Mary Westmacott said
Op, look at what you've said from the point of view of a mum who's missing her dc while she works.

This isn't a mum who's leaving her dcs with the grandparents so she can have a break, but so she can work. It's much more understandable that the rest if the time - evenings, weekends etc, she won't want to hand over her dd and give up even more time.

It's very hard working and being apart from young dcs,

Its not quite like that, we have GC for pleasure as well as when mum work, part time, she loves her days with us as we love having her.
we are not talking about having her stay every time we have her, just sometimes.

OP posts:
Zabelithe · 05/01/2015 08:11

MyLegIsHaunted, whats wrong with your inlaws?

OP posts:
MaryWestmacott · 05/01/2015 08:11

Op, that's why you have her, not why your dil hands her over.

MaryWestmacott · 05/01/2015 08:13

Posted again too soon!

Op, can you not imagine that if you've been apart from your dc all day you'd miss them?

PterodactylTeaParty · 05/01/2015 08:19

Mine is 9mo, has never had a sleepover and won't for a good while yet.
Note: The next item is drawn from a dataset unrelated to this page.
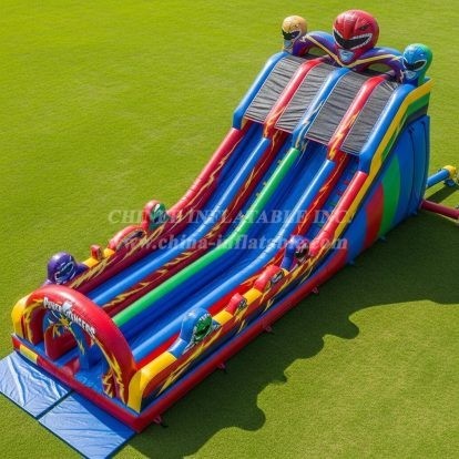 Experience thrilling high-speed fun with the T8-9078 Power Rangers Inflatable Slide. Featuring vibrant team colors and iconic character helmets, this triple-lane slide invites kids to race down in safe, inflatable style. Perfect for birthday parties, school events, or festivals, it guarantees excitement and adventure for all young fans of the Power Rangers.

She's still bf, still sleeps next to me, still wakes several times a night and won't be settled back to sleep by anyone but me, and I work and would miss her if she was gone all evening/night.

Also, my DM and MIL have done their share of baby sleep deprivation with their own babies and have no desire to go through it again!

flumpysocks · 05/01/2015 08:19

Agree with Hakluyt. My parents enjoy getting time alone with their grandson and it's important to me that they have that bond independently of me. I try not to ask too much in terms of childcare but if they want to have him just because they want to spend time with him I'd never say no.

But a lot depends on your background. I used to spend whole weeks with my grandparents as a kid, just because it was fun for both parties. If you didn't have that as a kid, it wouldn't seem normal.